Of course, the picture he painted back then was absurd, and would be absurd today - of his dynasty, the only media organisation popularly referred to as an ‘empire’ (and for good reason) being some sort of plucky underdog: a lone voice crying in the wilderness for media diversity. The acquisitive, domineering character of News Corporation and its corporate satellites is plain for any observer to see: we should remember that Rupert Murdoch prints 40% of all newspapers in this country, and that, had the phone hacking crisis not come to a head at the wrong moment, he would now have a formidable monopolistic advantage in the British media, as a result of outright ownership of BSkyB. His complaint is ultimately that the BBC stands in the way of these ambitions; he (and the other press barons) would prefer a far more restrictive charter, which would conveniently absolve the Beeb of doing anything remotely popular, after the fashion of America’s PBS.

Better future

Where does this leave the left and the workers’ movement? It is plainly the case that the BBC as an institution is an enemy, and (Murdoch junior is quite correct) a powerful one. It is a propaganda apparatus of the state that undergirds capitalist exploitation.

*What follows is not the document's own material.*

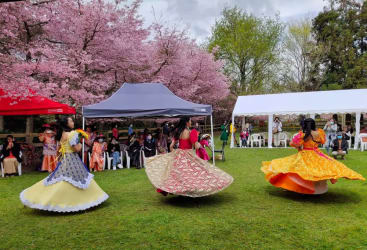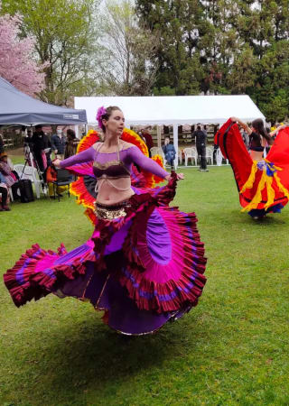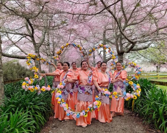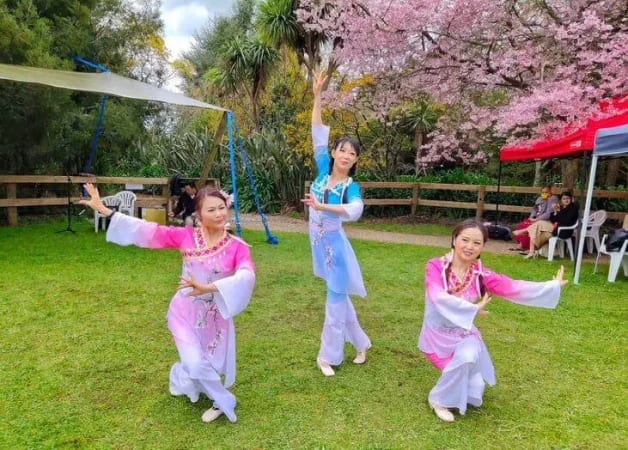 United nations of New Zealand performances from many different cultures. Maori, European, Polynesian, Chinese, Indian, Japanese, Filipino, other Asian, South American, African. Dance, Kung Fu, music and bagpipes. Young and old. Throughout the day on the main stage and elsewhere on the property. A riot of colour in the blooms, costumes and people.

Yet all such apparatuses of the state are subject to the anxious logic of contradiction; for they are not mechanical apparatuses, but rather composed of people, whose affiliation is ultimately conditional on the delivery of wages for not overly onerous work in a timely and satisfactory fashion. In other words, once we walk ourselves down the BBC pay scale - past the £150,000 point, where last week’s disclosure came into force, towards the £20,000 point that media union Bectu said that many BBC workers receive - we are talking (with some exceptions) about proletarians. In any case, we are dealing with people, not machines, whose individual motivations are not reducible to the structural role of their employer. Soldiers, likewise, are 90% of the time merely the bloody instrument of British imperialism; but they need not be, and it would be a dim-witted Marxist indeed who denied the value of agitation in the ranks.

In a successful socialist society, ‘media diversity’ would be more than a cheap flag of convenience for a Murdoch scion or a half-forgotten regulatory objective: it would rather be the natural outcome of radical egalitarianism and the unleashing of popular creativity and power. On the road to that society, we must have a meaningful programme for the BBC - if its radio stations, TV channels and web outlets are to be worth a damn to the cause of human progress, what transformations are necessary, and what convictions must be spread in its own trenches?

In some respects, we even agree with James Murdoch. It is difficult to defend light entertainment as a ‘public good’: however superficially populist the glitz of prime-time talent shows, in reality the demotism is false and cynical, and the exclusive desire for such material is merely projected onto the broad masses by - yes - a ‘media elite’, liberal or otherwise. Given real control over such decisions, it is doubtful whether the popular mood, even as it is today, would demand merely more Strictly, more of the time.

So control must be moved downwards: BBC managers must be subject to election by their charges, and their remuneration packages not merely rubber-stamped by the gang of establishment cronies in the BBC trust, but carefully meted out by committees of ordinary workers. The BBC defends itself often on the basis of its community efforts and cultivation of new, young talent, but in reality this function has wasted away since the days of Cathy come home: it must be restored to its former glory, and the grey river of sameness interrupted with a new wave of innovative work. On the factual media side, there is one area where capitalism has failed most dramatically of all to meet needs, and that is local media: if ever there was a place for a non-capitalist institution to play a valuable role, it is there, transformed into an instrument of plebeian power from a power over us.

The BBC worth having would not spend millions on the chunterings of Chris Evans, but instead be put at the service of a revival of genuinely popular culture.